WHAT IS EXPECTED
Of all the lines in the entries below, give again exactly those starting at the line containing "Étalez une autre" and ending at the line containing "Calça Cargo Jeans com 8 Bolsos", both ends included, and no others.

(Beginning of MATERIAL SUPPLIED)

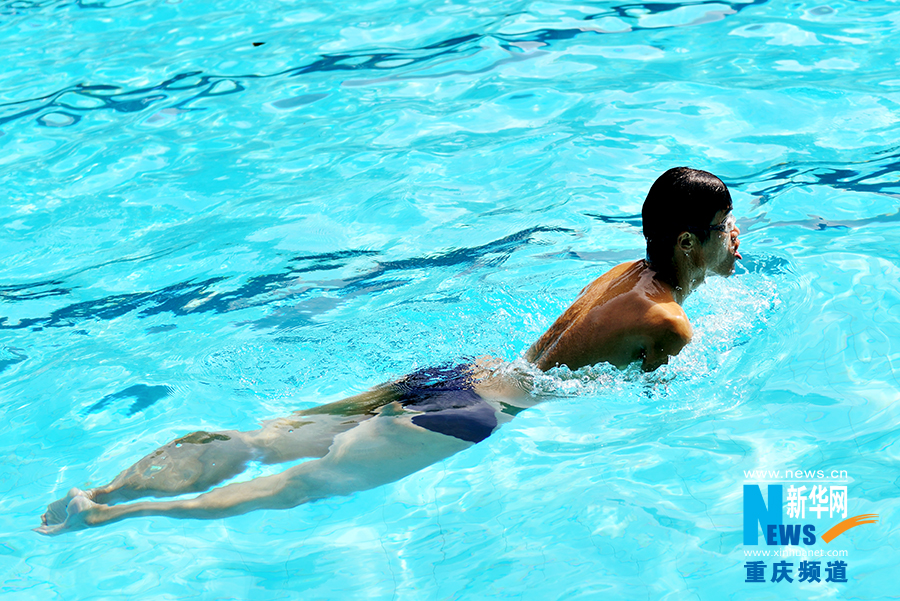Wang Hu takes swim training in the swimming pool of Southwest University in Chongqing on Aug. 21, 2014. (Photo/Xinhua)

(End of MATERIAL SUPPLIED)
(Beginning of MATERIAL SUPPLIED)

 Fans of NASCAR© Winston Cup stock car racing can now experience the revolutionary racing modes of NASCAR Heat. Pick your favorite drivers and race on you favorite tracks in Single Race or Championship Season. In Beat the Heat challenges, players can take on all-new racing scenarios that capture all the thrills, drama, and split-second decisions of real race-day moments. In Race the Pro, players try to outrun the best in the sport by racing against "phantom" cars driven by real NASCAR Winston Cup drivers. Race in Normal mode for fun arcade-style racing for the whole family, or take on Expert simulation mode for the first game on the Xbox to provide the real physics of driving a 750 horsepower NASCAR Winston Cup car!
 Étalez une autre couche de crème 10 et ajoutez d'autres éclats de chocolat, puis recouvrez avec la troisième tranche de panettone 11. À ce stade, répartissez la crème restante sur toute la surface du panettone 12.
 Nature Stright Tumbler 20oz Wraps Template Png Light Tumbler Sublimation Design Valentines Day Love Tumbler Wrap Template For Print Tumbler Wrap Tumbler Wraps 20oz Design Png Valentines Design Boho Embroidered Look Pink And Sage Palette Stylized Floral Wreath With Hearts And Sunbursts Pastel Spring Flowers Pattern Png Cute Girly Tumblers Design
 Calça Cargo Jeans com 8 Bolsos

(End of MATERIAL SUPPLIED)
(Beginning of MATERIAL SUPPLIED)

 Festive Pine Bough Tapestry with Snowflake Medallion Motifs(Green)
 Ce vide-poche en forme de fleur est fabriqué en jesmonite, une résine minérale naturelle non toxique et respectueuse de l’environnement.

(End of MATERIAL SUPPLIED)

TASK RESULT
 Étalez une autre couche de crème 10 et ajoutez d'autres éclats de chocolat, puis recouvrez avec la troisième tranche de panettone 11. À ce stade, répartissez la crème restante sur toute la surface du panettone 12.
 Nature Stright Tumbler 20oz Wraps Template Png Light Tumbler Sublimation Design Valentines Day Love Tumbler Wrap Template For Print Tumbler Wrap Tumbler Wraps 20oz Design Png Valentines Design Boho Embroidered Look Pink And Sage Palette Stylized Floral Wreath With Hearts And Sunbursts Pastel Spring Flowers Pattern Png Cute Girly Tumblers Design
 Calça Cargo Jeans com 8 Bolsos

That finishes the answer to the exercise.